Incubator-mxnet: [BUG] The wrong gradient of Batch Norm when `grad_req = add`

Created on 6 Jun 2020 · 4Comments · Source: apache/incubator-mxnet

Description

Hi there, we found that the current implementation of batch norm layer does support grad_req = add. If grad_req is set to add, the gradient of input data is not accumulated.
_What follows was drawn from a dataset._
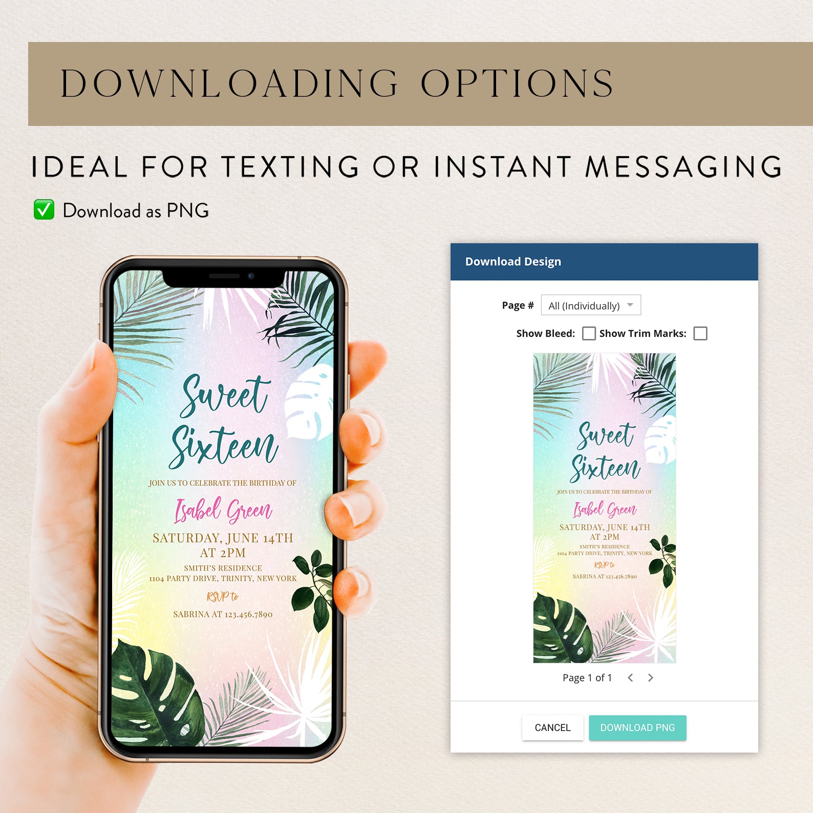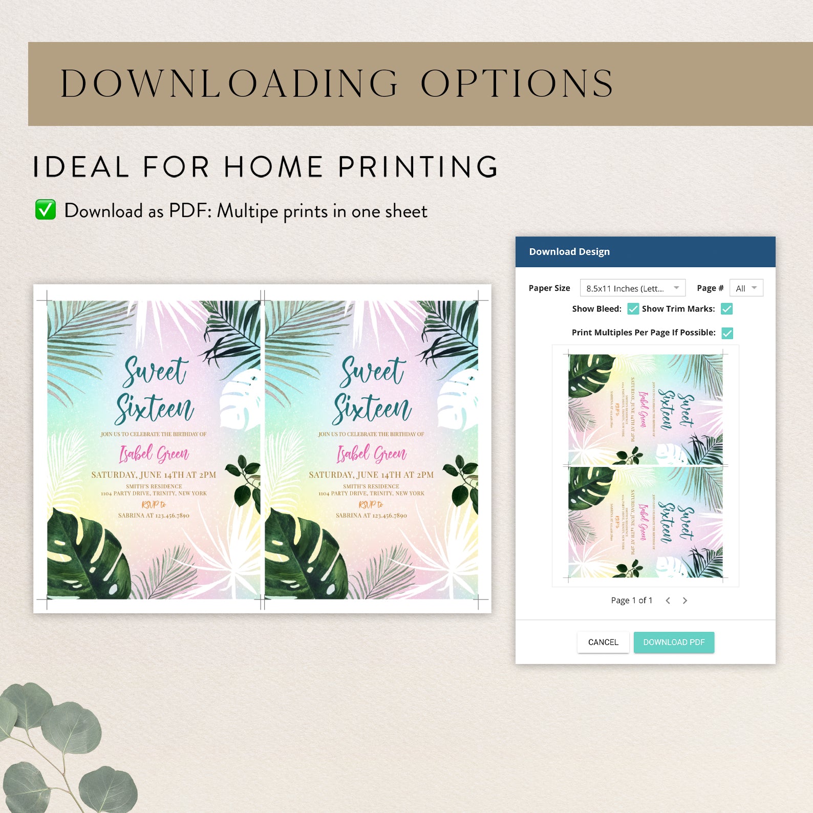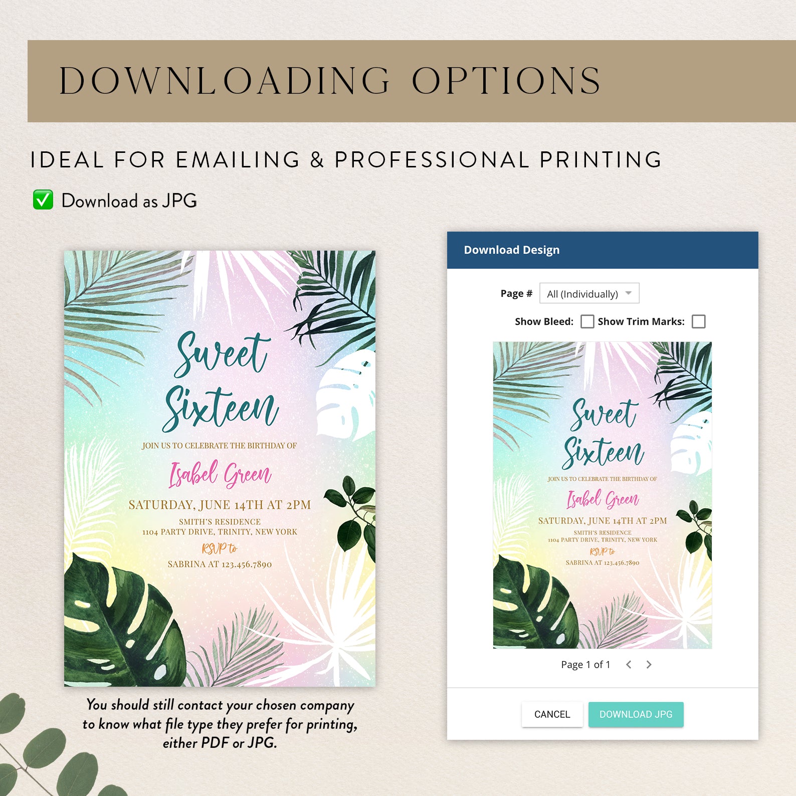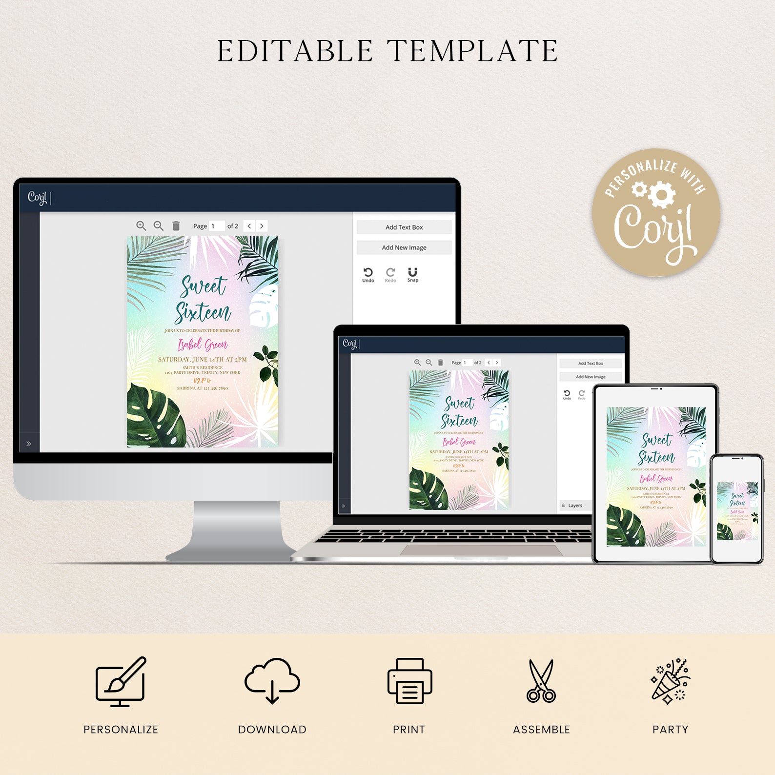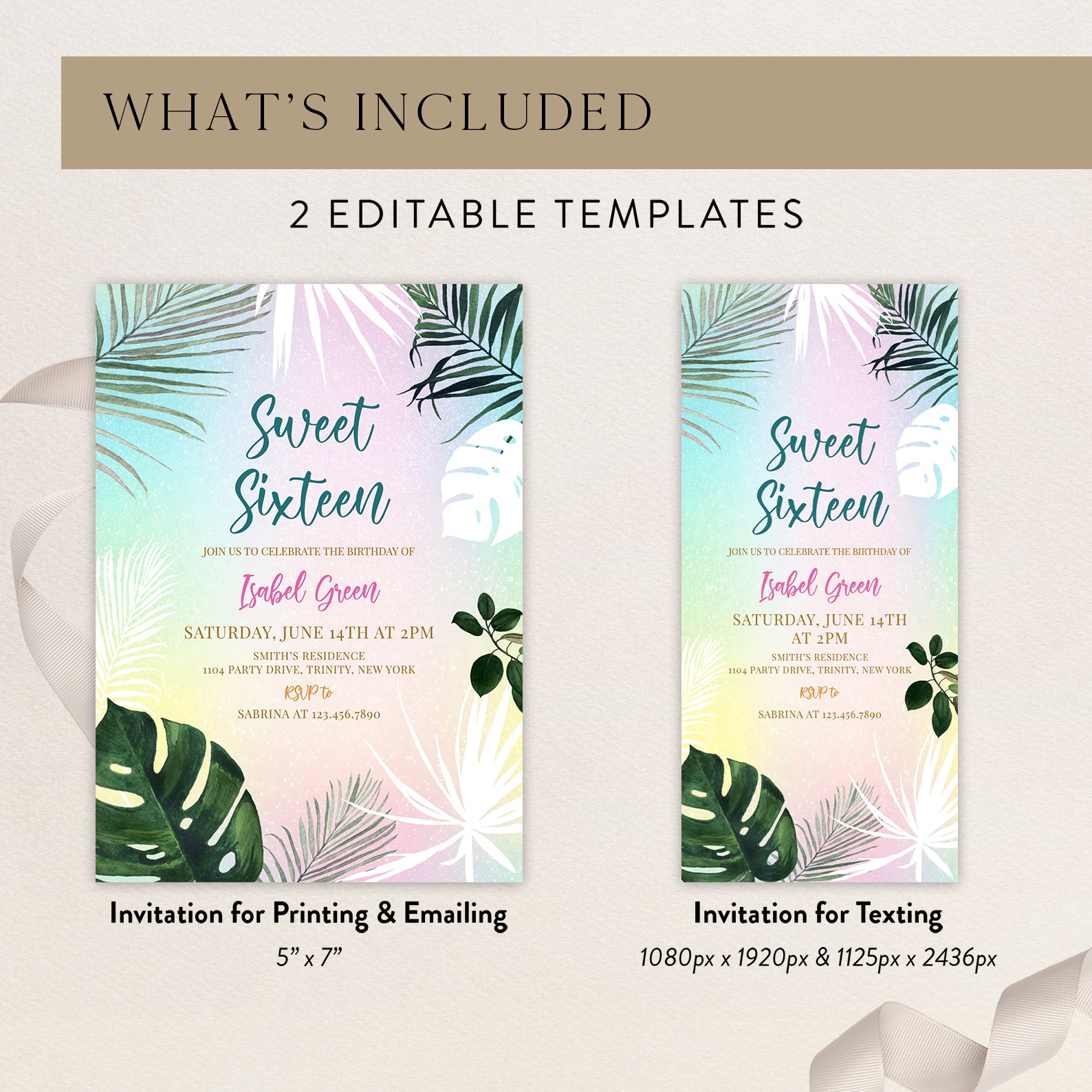 - Purchase this Sweet 16 Summer Party Invitation with Palm Leaves & Pastels template

Besides the gradient of gamma and beta are not assigned to any value by mistake.

To Reproduce

import mxnet as mx
from mxnet.gluon import nn

N = 1
C = 3
H = W = 2
block = nn.BatchNorm() 
block.collect_params().initialize()
block.collect_params().setattr('grad_req', 'add')

x = mx.nd.arange(N*C*H*W).reshape((N, C, H, W))
x.attach_grad()
for i in range(3):
    with mx.autograd.record():
        y = block(x)
        loss = (y * y).sum() 
    loss.backward()
print(x.grad, block.gamma.grad(), block.beta.grad())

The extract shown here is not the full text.